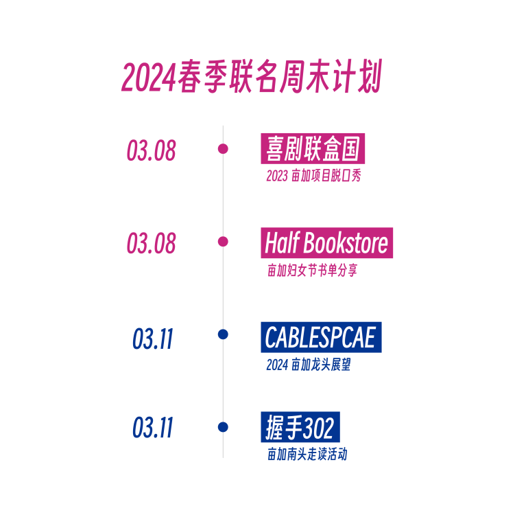 2024年3月8日和3月11日,亩加分别与四家我们熟悉或好奇的机构主体联名合作,度过了一个春意盎然的长周末。让我们时间回溯,回顾这两天里精彩瞬间。
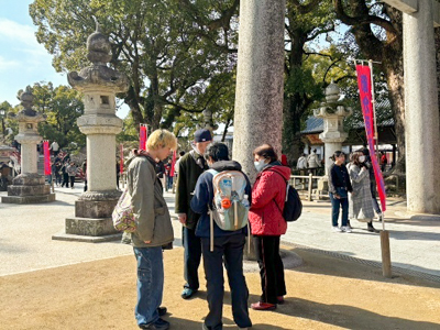 8名のゼミ生はペアを組んで4チームに分かれ、博多駅や太宰府天満宮で積極的に外国人観光客に声を掛けました。しかし、英語話者が多かった京都とは異なり、言語や文化的背景の違いからインタビューを断られることの連続で、時には気持ちが折れそうになる場面もありました。それでも粘り強く挑戦を続けた結果、最終的には約50名の外国人観光客から回答を得ることができ、多様な国の方々と直接交流する貴重な経験をすることができました。
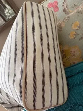 Design: Crafted from heavyweight cream ticking stripe canvas with a bold red interior trim and navy blue stripes.
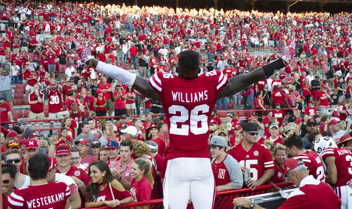 The girl? Just a Husker fan that is giving him the 'I wanna **** you look' that every girl gives him... lol looks like his gf.

####################

Task to carry out => Drop the images; restate the listing exactly.

Your response =>
 2024年3月8日和3月11日,亩加分别与四家我们熟悉或好奇的机构主体联名合作,度过了一个春意盎然的长周末。让我们时间回溯,回顾这两天里精彩瞬间。
 8名のゼミ生はペアを組んで4チームに分かれ、博多駅や太宰府天満宮で積極的に外国人観光客に声を掛けました。しかし、英語話者が多かった京都とは異なり、言語や文化的背景の違いからインタビューを断られることの連続で、時には気持ちが折れそうになる場面もありました。それでも粘り強く挑戦を続けた結果、最終的には約50名の外国人観光客から回答を得ることができ、多様な国の方々と直接交流する貴重な経験をすることができました。
 Design: Crafted from heavyweight cream ticking stripe canvas with a bold red interior trim and navy blue stripes.
 The girl? Just a Husker fan that is giving him the 'I wanna **** you look' that every girl gives him... lol looks like his gf.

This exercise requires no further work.